_DATASET EXTRACT:_

-------

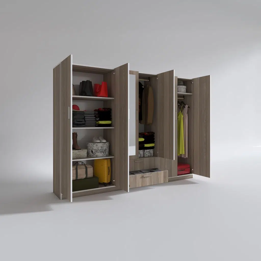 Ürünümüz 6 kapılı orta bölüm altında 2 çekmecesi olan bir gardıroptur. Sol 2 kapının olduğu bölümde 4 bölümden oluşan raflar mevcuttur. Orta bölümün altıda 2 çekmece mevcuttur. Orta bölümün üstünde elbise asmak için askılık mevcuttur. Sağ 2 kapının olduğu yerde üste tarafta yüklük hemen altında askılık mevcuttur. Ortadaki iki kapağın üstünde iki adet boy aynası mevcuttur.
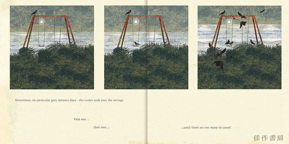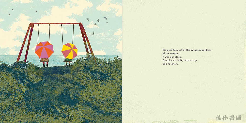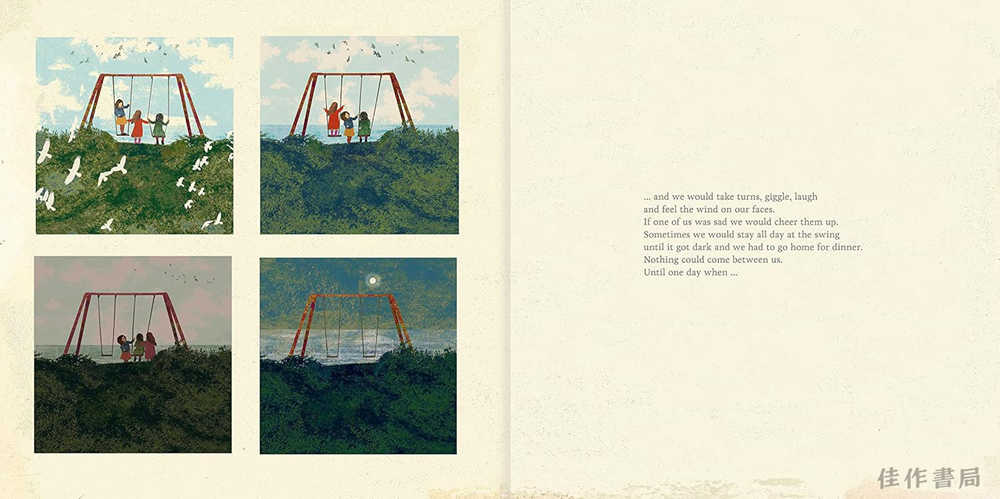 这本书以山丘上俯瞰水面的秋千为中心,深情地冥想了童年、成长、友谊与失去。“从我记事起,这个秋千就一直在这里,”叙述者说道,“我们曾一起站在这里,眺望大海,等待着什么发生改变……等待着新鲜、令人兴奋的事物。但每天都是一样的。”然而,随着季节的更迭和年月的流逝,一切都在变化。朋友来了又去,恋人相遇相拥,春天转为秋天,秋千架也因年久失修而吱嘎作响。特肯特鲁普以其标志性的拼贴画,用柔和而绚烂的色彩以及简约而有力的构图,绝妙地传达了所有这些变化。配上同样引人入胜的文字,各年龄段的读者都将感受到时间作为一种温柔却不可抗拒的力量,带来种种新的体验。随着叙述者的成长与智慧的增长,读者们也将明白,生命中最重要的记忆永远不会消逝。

-------

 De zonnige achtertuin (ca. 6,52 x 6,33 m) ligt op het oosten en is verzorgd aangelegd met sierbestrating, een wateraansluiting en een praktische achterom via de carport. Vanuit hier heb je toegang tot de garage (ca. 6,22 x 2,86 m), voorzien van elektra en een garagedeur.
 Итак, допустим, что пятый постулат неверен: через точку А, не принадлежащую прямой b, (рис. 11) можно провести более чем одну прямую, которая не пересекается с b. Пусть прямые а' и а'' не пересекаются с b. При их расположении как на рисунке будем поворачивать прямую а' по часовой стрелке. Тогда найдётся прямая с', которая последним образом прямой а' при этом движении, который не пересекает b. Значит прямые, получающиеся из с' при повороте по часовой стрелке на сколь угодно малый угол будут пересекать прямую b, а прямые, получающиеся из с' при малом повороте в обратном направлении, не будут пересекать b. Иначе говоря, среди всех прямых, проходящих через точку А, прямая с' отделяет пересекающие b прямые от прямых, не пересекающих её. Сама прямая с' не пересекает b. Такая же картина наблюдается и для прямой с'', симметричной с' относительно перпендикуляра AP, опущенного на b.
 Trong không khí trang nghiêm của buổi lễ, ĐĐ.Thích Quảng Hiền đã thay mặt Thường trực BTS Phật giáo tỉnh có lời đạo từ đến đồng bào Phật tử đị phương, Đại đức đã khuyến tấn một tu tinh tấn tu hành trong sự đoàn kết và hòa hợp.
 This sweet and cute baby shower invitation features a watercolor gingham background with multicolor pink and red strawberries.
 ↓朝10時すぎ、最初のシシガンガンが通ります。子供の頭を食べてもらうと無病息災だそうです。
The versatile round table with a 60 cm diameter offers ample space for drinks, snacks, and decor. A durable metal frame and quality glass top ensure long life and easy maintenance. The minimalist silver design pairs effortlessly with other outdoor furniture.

-------

_WHAT YOU HAVE TO DO:_
Set down word for word the lines above from the one with "Ürünümüz 6 kapılı" up to and including the one with "这本书以山丘上俯瞰水面的秋千". Omit every picture.

_OUTPUT FOR THIS EXERCISE:_
 Ürünümüz 6 kapılı orta bölüm altında 2 çekmecesi olan bir gardıroptur. Sol 2 kapının olduğu bölümde 4 bölümden oluşan raflar mevcuttur. Orta bölümün altıda 2 çekmece mevcuttur. Orta bölümün üstünde elbise asmak için askılık mevcuttur. Sağ 2 kapının olduğu yerde üste tarafta yüklük hemen altında askılık mevcuttur. Ortadaki iki kapağın üstünde iki adet boy aynası mevcuttur.
 这本书以山丘上俯瞰水面的秋千为中心,深情地冥想了童年、成长、友谊与失去。“从我记事起,这个秋千就一直在这里,”叙述者说道,“我们曾一起站在这里,眺望大海,等待着什么发生改变……等待着新鲜、令人兴奋的事物。但每天都是一样的。”然而,随着季节的更迭和年月的流逝,一切都在变化。朋友来了又去,恋人相遇相拥,春天转为秋天,秋千架也因年久失修而吱嘎作响。特肯特鲁普以其标志性的拼贴画,用柔和而绚烂的色彩以及简约而有力的构图,绝妙地传达了所有这些变化。配上同样引人入胜的文字,各年龄段的读者都将感受到时间作为一种温柔却不可抗拒的力量,带来种种新的体验。随着叙述者的成长与智慧的增长,读者们也将明白,生命中最重要的记忆永远不会消逝。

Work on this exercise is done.